Phonemic Tagging with CELEX

If you have access to the CELEX lexical database, you can integrate LaBB-CAT with it, allowing you to annotate words in your transcripts with data from CELEX - that can include:

  • standard phonemic transcriptions - e.g. “difference” → “dɪfrəns” or “dɪfərəns”
  • morphological information - e.g. “difference” → “different+ence”
  • possible syntactic category - e.g. “difference” → “N”
  • frequency data
  • lemma
  • syllable count

If you want to do force-aligment (to determine the start and end times of each phone within each word), you will need to start with standard phonemic transcriptions, which CELEX can provide.

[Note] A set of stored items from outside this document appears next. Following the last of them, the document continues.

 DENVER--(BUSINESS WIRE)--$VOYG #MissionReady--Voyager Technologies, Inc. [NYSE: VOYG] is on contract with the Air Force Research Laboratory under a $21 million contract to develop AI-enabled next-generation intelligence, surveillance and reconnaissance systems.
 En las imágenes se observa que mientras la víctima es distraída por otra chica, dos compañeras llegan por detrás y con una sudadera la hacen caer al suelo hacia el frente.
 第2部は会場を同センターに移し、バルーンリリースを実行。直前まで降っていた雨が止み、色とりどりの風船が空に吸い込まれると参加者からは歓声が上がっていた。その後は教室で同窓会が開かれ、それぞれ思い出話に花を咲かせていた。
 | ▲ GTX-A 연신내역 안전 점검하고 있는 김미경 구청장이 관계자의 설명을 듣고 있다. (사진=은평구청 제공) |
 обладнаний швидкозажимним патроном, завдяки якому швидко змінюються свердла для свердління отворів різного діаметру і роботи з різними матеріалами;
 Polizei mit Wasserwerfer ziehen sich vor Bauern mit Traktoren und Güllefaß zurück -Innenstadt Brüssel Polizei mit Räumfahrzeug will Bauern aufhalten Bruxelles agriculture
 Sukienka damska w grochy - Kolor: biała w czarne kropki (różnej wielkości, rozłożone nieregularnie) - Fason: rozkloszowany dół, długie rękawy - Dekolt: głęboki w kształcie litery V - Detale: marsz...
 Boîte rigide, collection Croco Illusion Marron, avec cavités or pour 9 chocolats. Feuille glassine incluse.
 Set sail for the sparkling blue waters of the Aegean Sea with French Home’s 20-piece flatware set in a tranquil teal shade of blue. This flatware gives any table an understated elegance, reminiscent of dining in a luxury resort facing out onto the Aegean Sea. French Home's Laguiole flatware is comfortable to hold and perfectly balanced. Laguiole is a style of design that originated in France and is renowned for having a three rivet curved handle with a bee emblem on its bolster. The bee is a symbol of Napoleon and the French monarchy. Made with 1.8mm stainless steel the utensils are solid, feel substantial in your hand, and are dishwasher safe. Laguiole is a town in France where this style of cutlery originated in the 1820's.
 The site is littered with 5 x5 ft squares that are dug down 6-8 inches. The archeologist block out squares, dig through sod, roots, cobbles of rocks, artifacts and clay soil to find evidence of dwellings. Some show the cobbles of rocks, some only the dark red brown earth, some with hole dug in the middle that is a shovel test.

CELEX is essentially a lexical database, available in English, German, and Dutch. You can purchase the database from the LDC, who provide a number of text files for each language. Once you’ve got these data files, you need to install LaBB-CAT’s CELEX layer manager, which loads the data from the text files into the LaBB-CAT database, and provides mechanisms for generating annotation layers from it.

The basic steps are:

  1. Buy CELEX from the LDC.
  2. Save the data files on the same computer than LaBB-CAT is installed on. If you have zip files, these must be unzipped.
  3. Install the CELEX English layer manager (or the German one if your data is in German), providing the location of the files you saved in the previous step
  4. Create a new word layer, managed by the CELEX English (or German) layer manager, to generate the annotations you want.

1. Getting CELEX

The CELEX lexical databases are available from the Linguistic Data Consortium (LDC), and are available for English, German, and Dutch. Currently integration with only the English and German databases is supported by LaBB-CAT.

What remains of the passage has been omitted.